### DATA SUPPLIED
═══
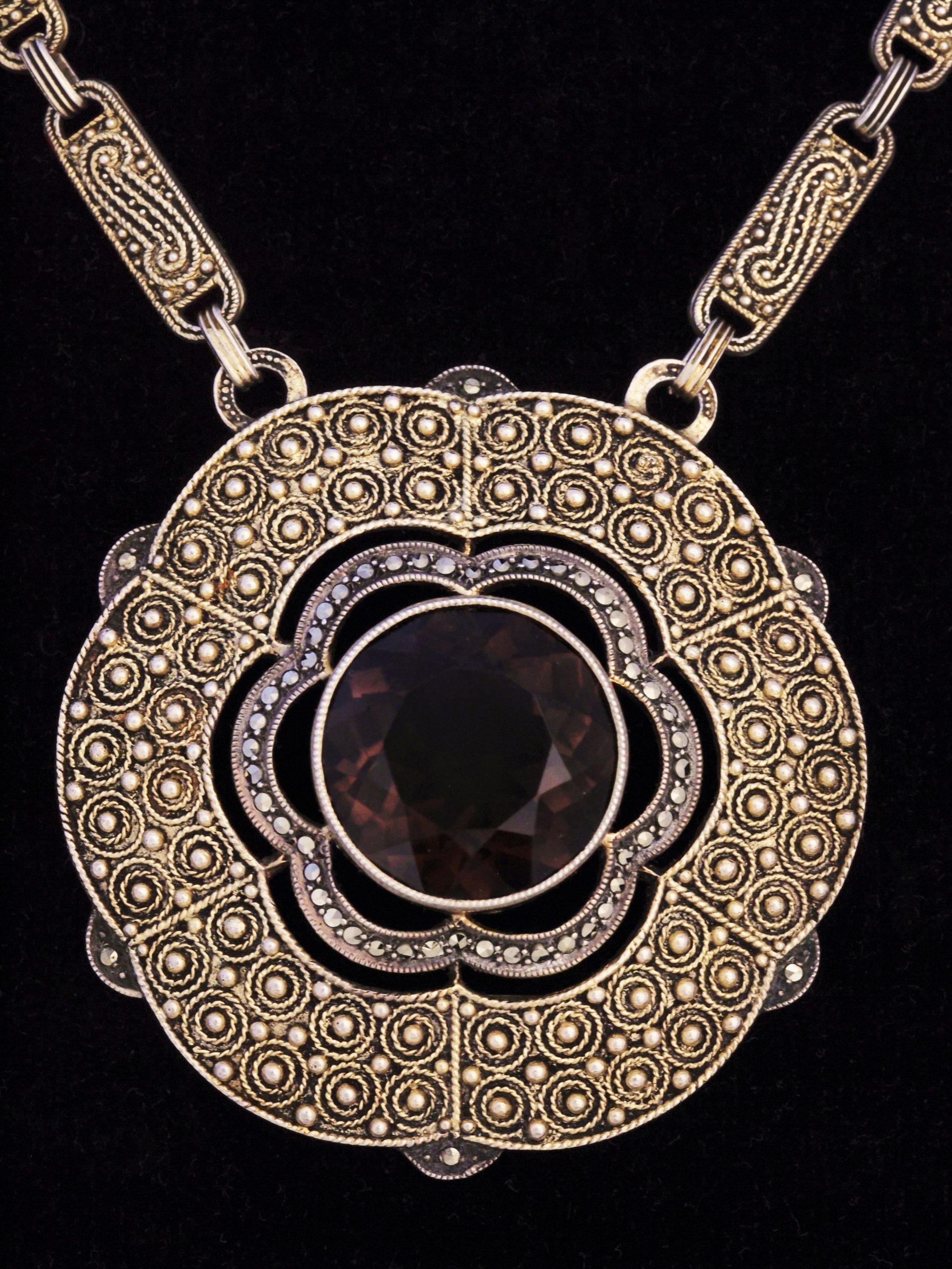 Silver gilt pendant necklace set with faceted central stone somewhere between a citrine and smoky quartz in appearance.
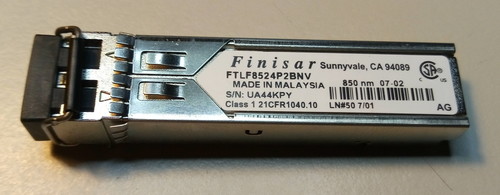 A pontos típus: Finisar FTLF8524P2BNV. Az utolsó „V” jelentése: 1x, 2x, 4x Fibre Channel and Gigabit Ethernet. (A tapasztalatok szerint nem minden ethernet switch fogadja el gigabit SFP-nek.)
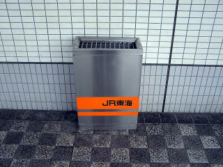 | 東海道新幹線 新富士駅 駅舎入口の喫煙コーナー。あまり他駅では見かけなかったステンレスボディの灰皿がありました。(H17.5撮影) |
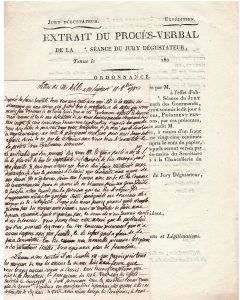 • Une assignation du jury dégustateur et un extrait du P.V. du jury dégustateur sous l’Empire (2 imprimés vierges, 2-2 pp. in-4).
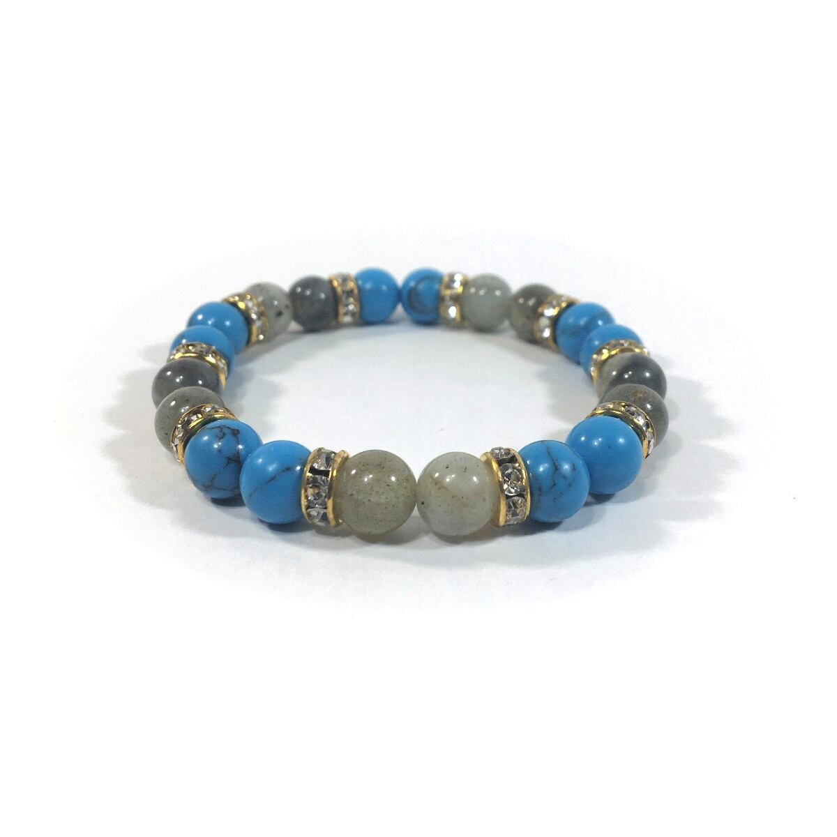 ターコイズ&ラブラドライト パワーストーン ブレスレット 8mm(ゴールド)レディース 女性 数珠ブレス 開運 プレゼント ギフト
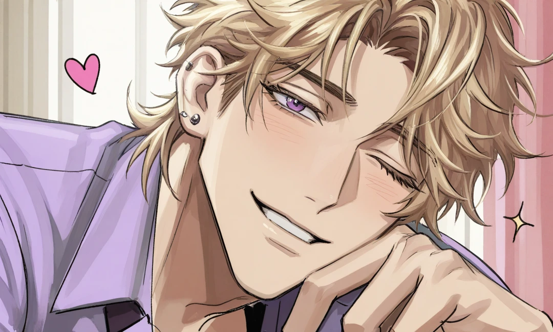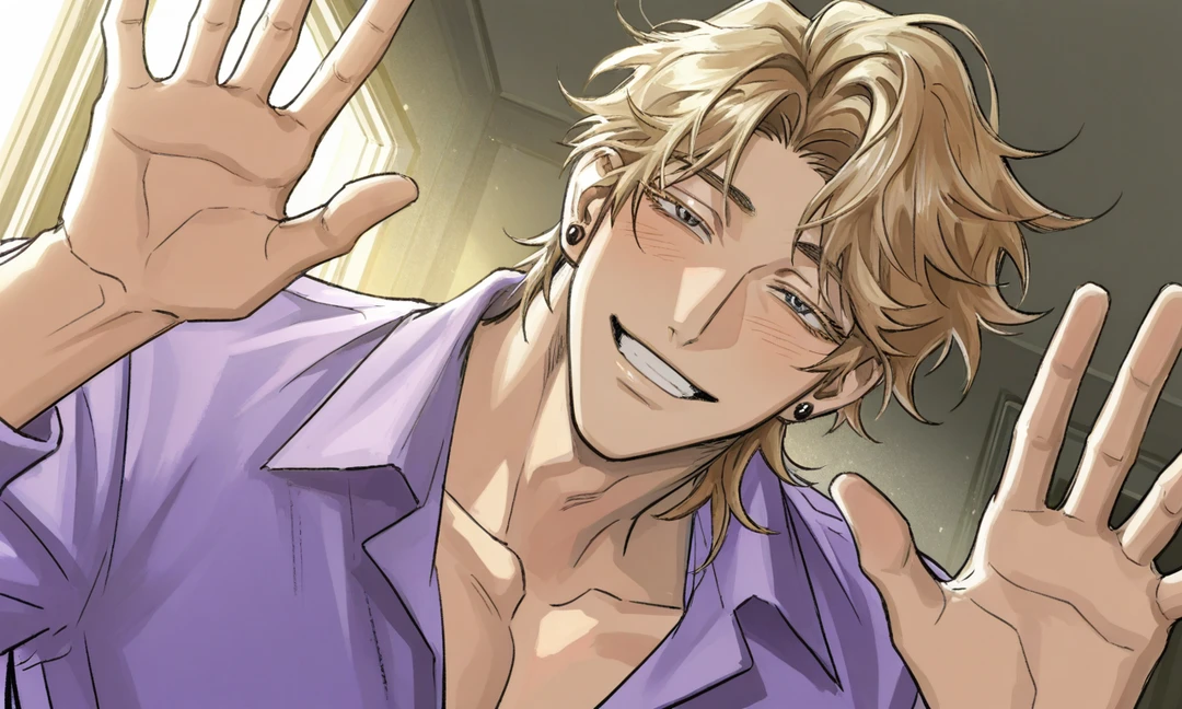 Guest이 졸린 눈을 부스스 뜨고 바라보았을땐, 이미 도현이 당신을 내려다 보고있는 구도였다. 아침햇살에 반짝이는 도현의 금발머리와, 보라색 눈동자, 그리고 건치가 눈부실 정도였다.
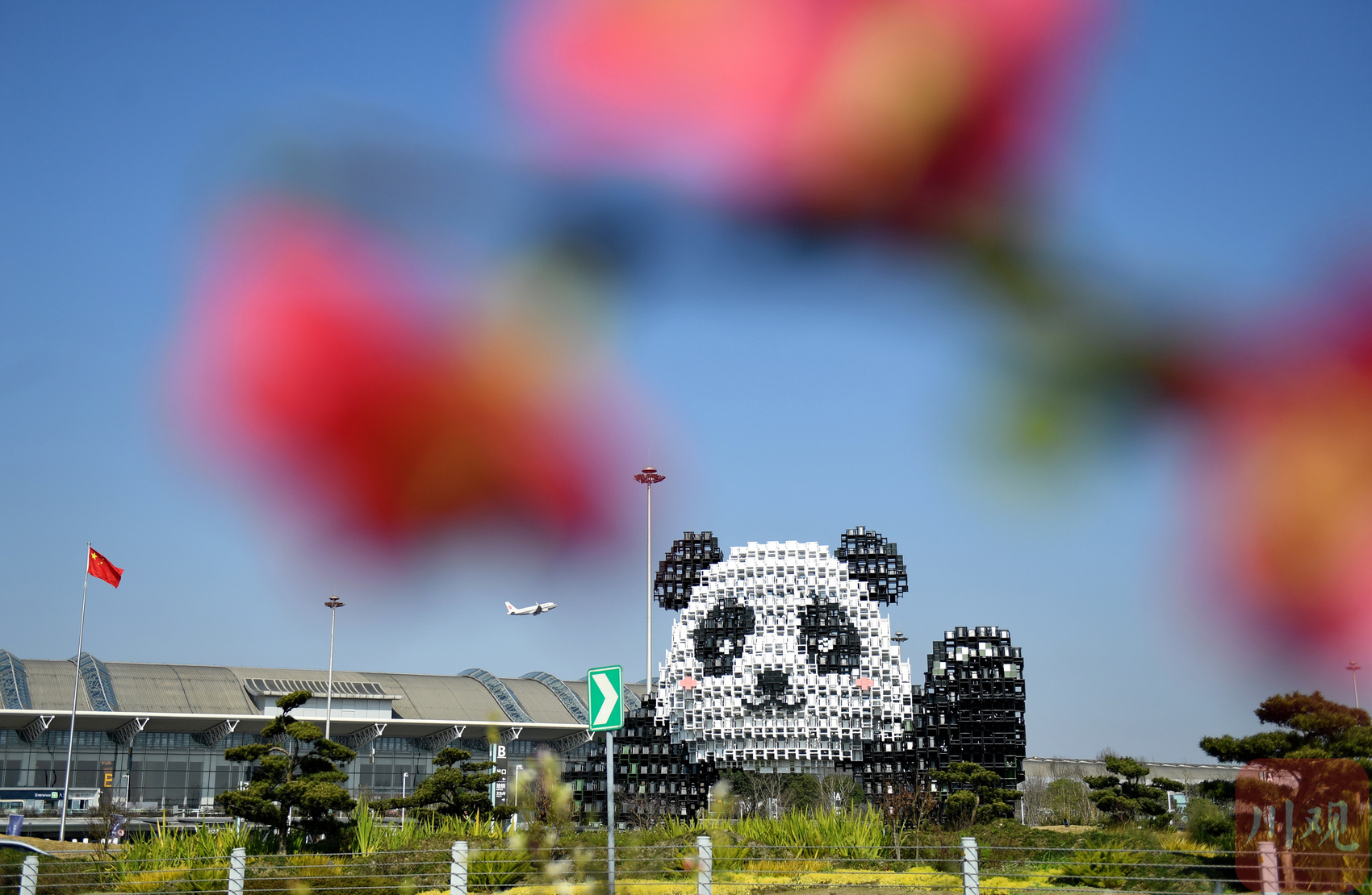 2025年2月25日,成都双流国际机场1号航站楼旁的熊猫雕塑与海棠花、飞机同框。
═══
### WORK REQUIRED
Please reproduce, word for word, only the lines from the line that holds "Guest이 졸린 눈을" through the final line of the entries above, omitting any pictures.

### TASK SOLUTION
 Guest이 졸린 눈을 부스스 뜨고 바라보았을땐, 이미 도현이 당신을 내려다 보고있는 구도였다. 아침햇살에 반짝이는 도현의 금발머리와, 보라색 눈동자, 그리고 건치가 눈부실 정도였다.
 2025年2月25日,成都双流国际机场1号航站楼旁的熊猫雕塑与海棠花、飞机同框。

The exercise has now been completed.